Впервые за долгие годы Поль, открывая мне дверь, была одета по-городскому; на ней был серый шерстяной костюм по последней моде и черная блузка, волосы подняты вверх и подстрижены челкой на лбу; она выщипала брови; лицо ее располнело и слегка покрылось красными прожилками.
– Как дела? – сердечно спросила она. – Хорошо провела каникулы?
– Превосходно. А ты? Ты осталась довольна?
– Я в восторге, – сказала она тоном, показавшимся мне исполненным намеков. Она смотрела на меня со смущенным и в то же время вызывающим видом. – Ты не находишь, что я изменилась?
– Ты великолепно выглядишь, – ответила я. – И у тебя отличный костюм.
– Мне подарила его Клоди: это костюм от Бальмена {113}.
Возразить было нечего ни против столь изысканного покроя, ни против ее элегантных лодочек. И, возможно, лишь потому, что я не привыкла к ее новому стилю, Поль казалась мне еще более странной, чем в своих вышедших из моды туалетах, которые она изобретала для себя прежде. Поль села, скрестив ноги, и закурила сигарету.
– Знаешь, – сказала она с усмешкой, – я стала другой женщиной. Я не знала хорошенько, что отвечать, и тупо спросила:
– Это влияние Клоди?
– Клоди была всего лишь предлогом. Хотя она очень значительная личность, – ответила Поль и задумалась на секунду. – Люди гораздо интереснее, чем я думала. Как только перестаешь держать их на расстоянии, они сразу стараются проявить любезность. – Она окинула меня критическим взглядом. – Тебе следовало бы чаще бывать где-то.
– Возможно, – трусливо согласилась я. – А кто туда приезжал?
– О! Все, – произнесла она восторженным тоном.

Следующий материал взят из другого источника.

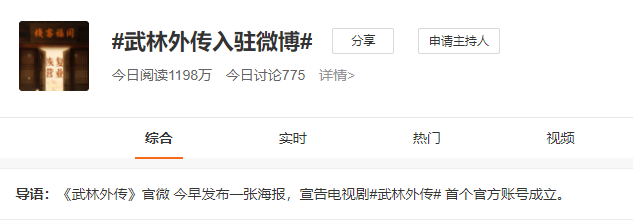 近日,《武林外传》宣布入驻微博,此消息一出,直接冲到了热搜第二,阅读量更是直冲3亿。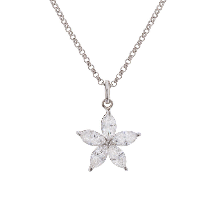 “Trapeze” Style Round Diamond in White Gold Necklace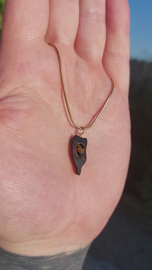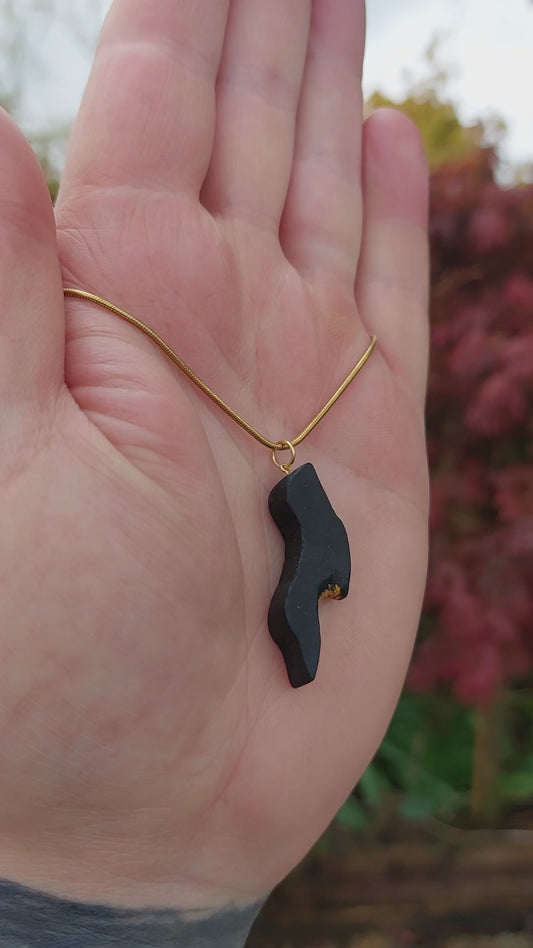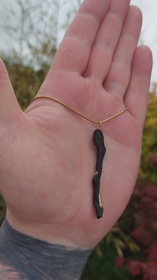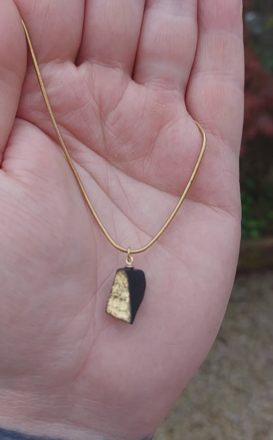 Scáthach - Irish bog oak necklace with 23.75ct gold leaf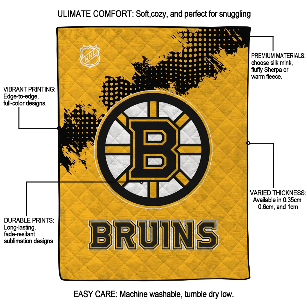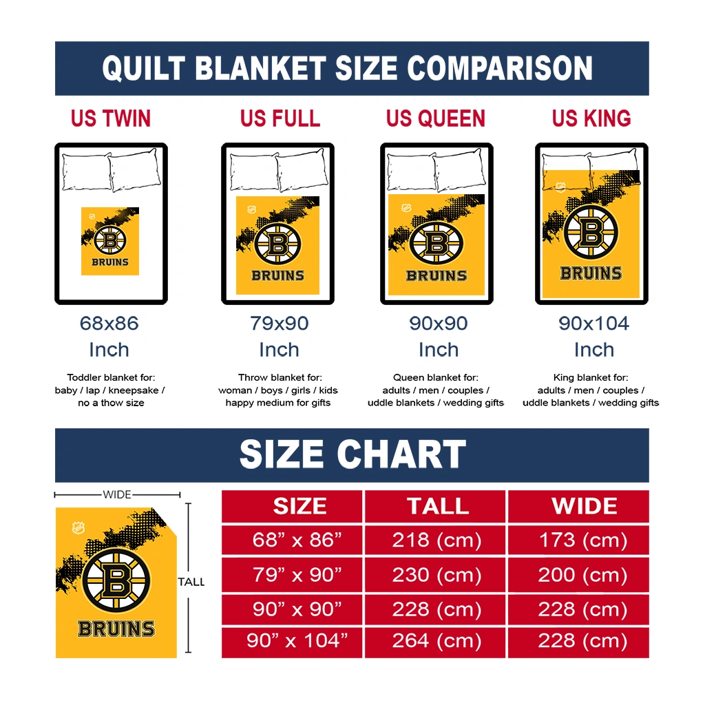Wrap yourself in warmth and pride with the Boston Bruins NHL Shield Gold Quilt Blanket from the Boston Bruins Blankets collection at Yes That Blanket. Made from 100% premium quilting-weight polyester blended with a touch of microfiber, this quilt offers a smooth, soft finish you’ll love. Choose between two quilting styles—Stipple or Diagonal—and enjoy the comfort of a cotton-filled layer inside that adds extra coziness for every season. The border is available in classic black or white, giving your design a clean, timeless edge.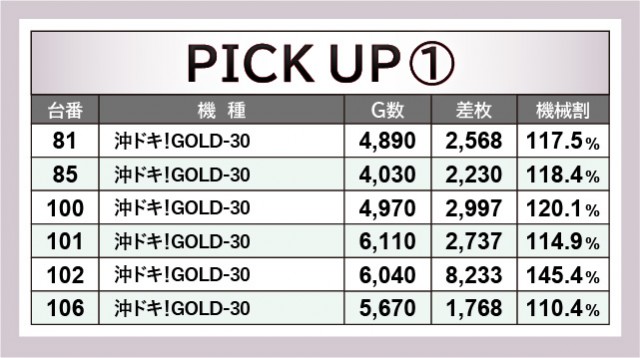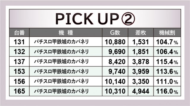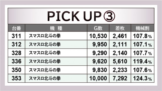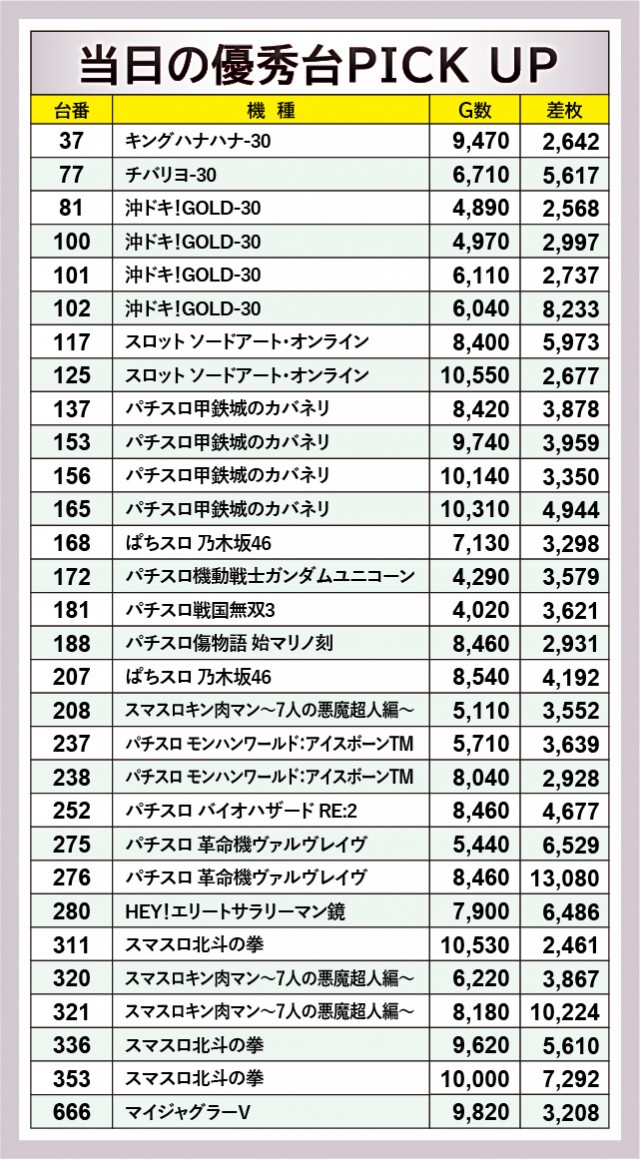 『沖ドキ!GOLD-30』『パチスロ甲鉄城のカバネリ』『スマスロ北斗の拳』の3機種は、全国的に見ても色褪せない人気を誇る名機たちだ。そんな彼らは102番台+8,233枚や165番台+4,944枚、353番台+7,292枚と差枚数でも結果を残しており、なぜ多くのファンから支持を集めているのかが窺えるだろう。回転数を見ても朝から終日打ち込まれているため、相当な手応えを感じていたとも想像できるばかりだ。

– Ты тоже собираешься открыть салон? Она засмеялась:
– Думаешь, я на это не способна?
– Напротив.
– Напротив? – с высокомерным видом повторила она. И, немного помолчав, сухо заметила: – Во всяком случае, речь сейчас о другом.
– О чем же?
– Я пишу.
– Прекрасно! – с подчеркнутым воодушевлением поспешила сказать я.
– Я никак не представляла себя писательницей, – с улыбкой сказала Поль, – но там все в один голос заявили, что это преступление – позволить пропасть стольким талантам.
– И что же ты пишешь? – спросила я.
– Можно назвать это как угодно: новеллы или поэмы. Это не укладывается в определенные рамки.
– Ты показывала свою работу Анри?
– Конечно нет. Я только сказала ему, что пишу, но ничего не показывала. – Она пожала плечами: – Я уверена, что его это смутит. Он никогда не пытался придумать новые формы. Впрочем, свой опыт я должна осуществить сама. – Взглянув мне прямо в лицо, она торжественно произнесла: – Я открыла для себя одиночество.
– Ты больше не любишь Анри?
– Конечно люблю, но как свободная личность. – Она бросила сигарету в пустой камин. – Его реакция была любопытной.
– Он осознал, что ты изменилась?
– Разумеется: он неглуп.
– В самом деле.
Зато я чувствовала себя глупой и вопросительно смотрела на Поль.
– Прежде всего, после его возвращения я не давала о себе знать, – с удовлетворением заявила она. – Я дождалась, пока он сам позвонит, что он тут же и сделал. – Она на секунду сосредоточилась. – Я надела свой лучший костюм, с очень спокойным видом открыла ему дверь, и он сразу переменился в лице; я почувствовала, что он взволнован; он уставился в окно, повернувшись ко мне спиной, чтобы спрятать свое лицо, пока я не спеша говорила ему о нас, о себе. А потом он с очень странным видом взглянул на меня. И я поняла, что он принял решение испытать меня.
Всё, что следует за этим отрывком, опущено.